Relevance most commonly refers to topical relevance or aboutness, i.e. to what extent the topic of a result matches the topic of the query or information need. Relevance can also be interpreted more broadly, referring to generally how "good" a retrieved result is with regard to the information need. The latter definition of relevance, sometimes referred to as user relevance, encompasses topical relevance and possibly other concerns of the user such as timeliness, authority or novelty of the result.

[edit] History

The concern with the problem of finding relevant information dates back at least to the first publication of scientific journals in 17th Century.

The formal study of relevance began in the 20th Century with the study of what would later be called bibliometrics. In the 1930s and 1940s, S. C. Bradford used of the term "relevant" to characterize articles relevant to a subject (cf., Bradford's law). In the 1950s, the first information retrieval systems emerged, and researchers noted the retrieval of irrelevant articles as a significant concern. In 1958, B. C. Vickery made the concept of relevance explicit in an address at the International Conference on Scientific Information.[1]

Since 1958, information scientists have explored and debated definitions of relevance. A particular focus of the debate was the distinction between "relevance to a subject" or "topical relevance" and "user relevance".

[edit] Evaluation and Relevance

The information retrieval community has emphasized the use of test collections and benchmark tasks to measure topical relevance, starting with the Cranfield Experiments of the early 1960s and culminating in the TREC evaluations that continue to this day as the main evaluation framework for information retrieval research.

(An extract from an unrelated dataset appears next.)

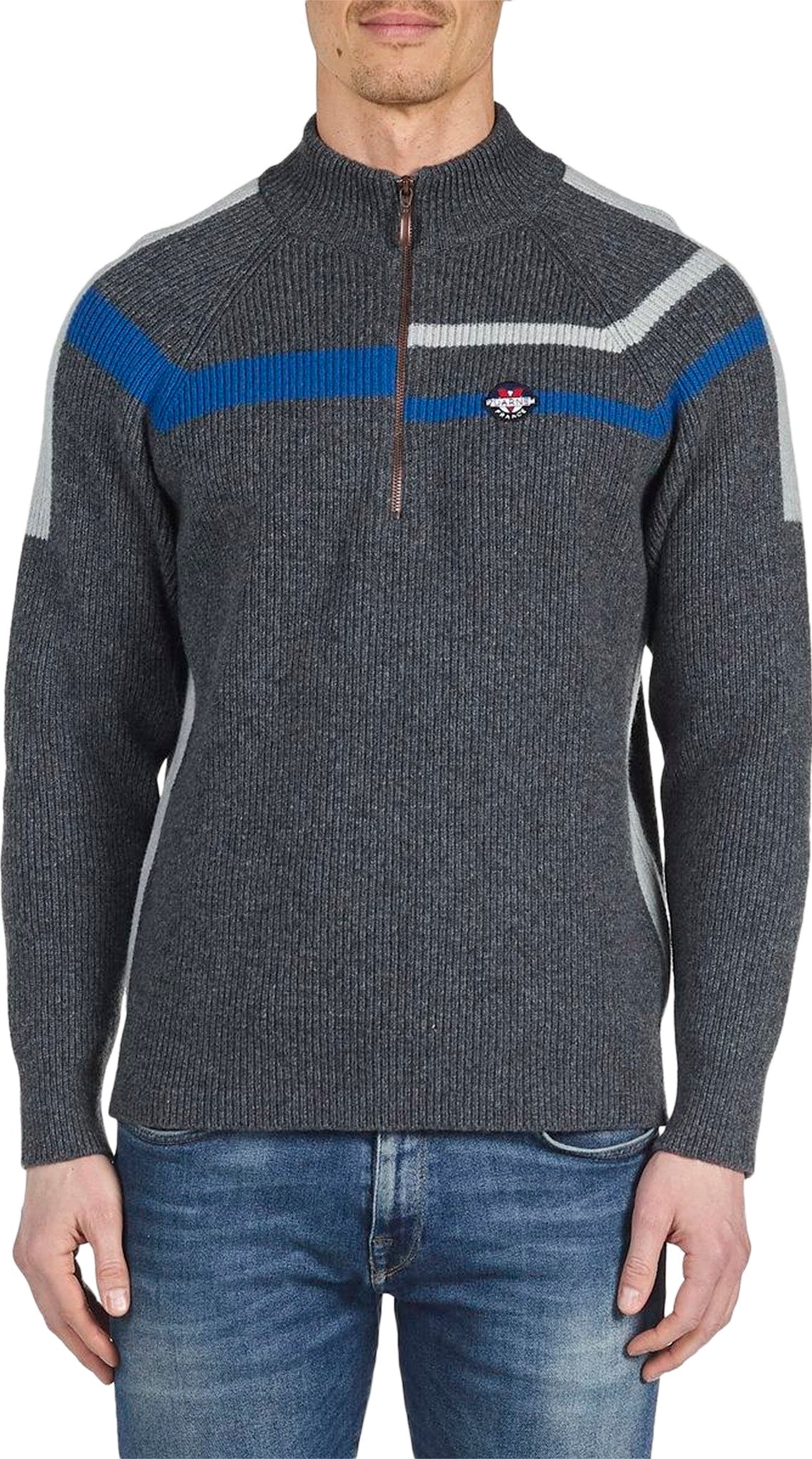 A comfortable and warm sweater for the colder days, coloured in dark grey with elegant blue and white lines and the embroidered Vuarnet logo on the chest. Made from wool and polyamide with a rising neck and zipper offering you optimal comfort without compromising your style.

In order to evaluate how well an information retrieval system retrieved topically relevant results, the relevance of retrieved results must be quantified. In Cranfield-style evaluations, this typically involves assigning a relevance level to each retrieved result, a process known as relevance assessment. Relevance levels can be binary, indicating a result is or is not relevant, or graded, indicating results have a varying degree of match between the topic of the result and the information need. Once relevance levels have been assigned to the retrieved results, information retrieval performance measures can be used to assess the quality of a retrieval system's output.

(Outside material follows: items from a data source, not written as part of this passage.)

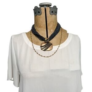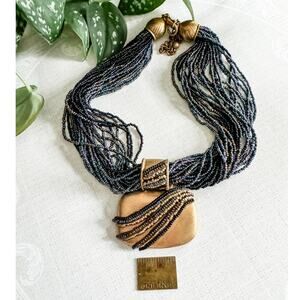Fab Chico's Chunky Boho Beaded Gold Pendant Multistrand Statement Necklace!
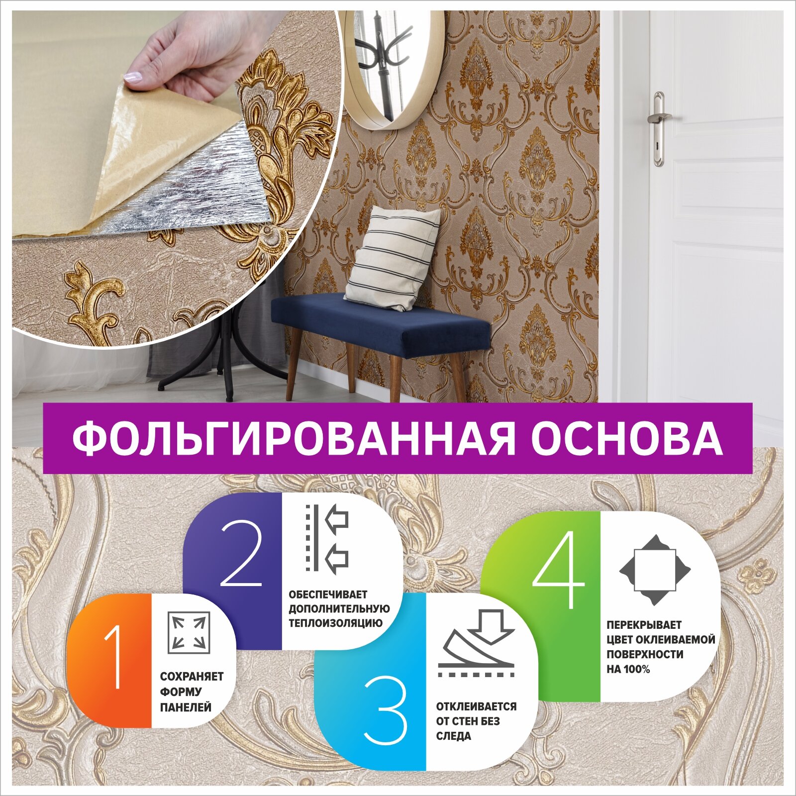 Самоклеющаяся панель для стен мягкая с фольгой "Вензель серебристый" 10 шт. 3D 690*690*4 мм 3Д обои для кухни моющиеся фартук на стену
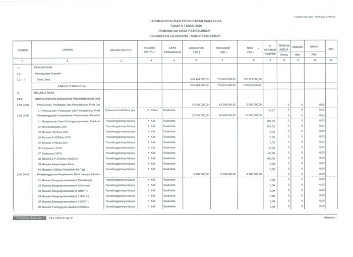 Laporan Pertanggungjawaban Dana Desa s.d. Tahap II 2020 |

In contrast to this focus solely on topical relevance, the information science community has emphasized user studies that consider user relevance. These studies often focus on aspects of human-computer interaction (see also human-computer information retrieval).

[edit] Clustering and Relevance

The cluster hypothesis, proposed by C. J. van Rijsbergen in 1979, asserts that two documents that are similar to each other have a high likelihood of being relevant to the same information need. With respect to the embedding similarity space, the cluster hypothesis can be interpreted globally or locally.[2] The global interpretation assumes that there exist some fixed set of underlying topics derived from inter-document similarity. These global clusters or their representatives can then be used to relate relevance of two documents (e.g. two documents in the same cluster should both be relevant to the same request). Methods in this spirit include,

It is important to ensure that clusters-either in isolation or combination-successfully model the set of possible relevant documents.

A second interpretation, most notably advanced by Ellen Voorhees,[6] focuses on the local relationships between documents. The local interpretation avoids having to model the number or size of clusters in the collection and allow relevance at multiple scales. Methods in this spirit include,

  • multiple cluster retrieval[6][4]
  • spreading activation[7] and relevance propagation[8] methods
  • local document expansion[9]
  • score regularization[10]

Local methods require an accurate and appropriate document similarity measure.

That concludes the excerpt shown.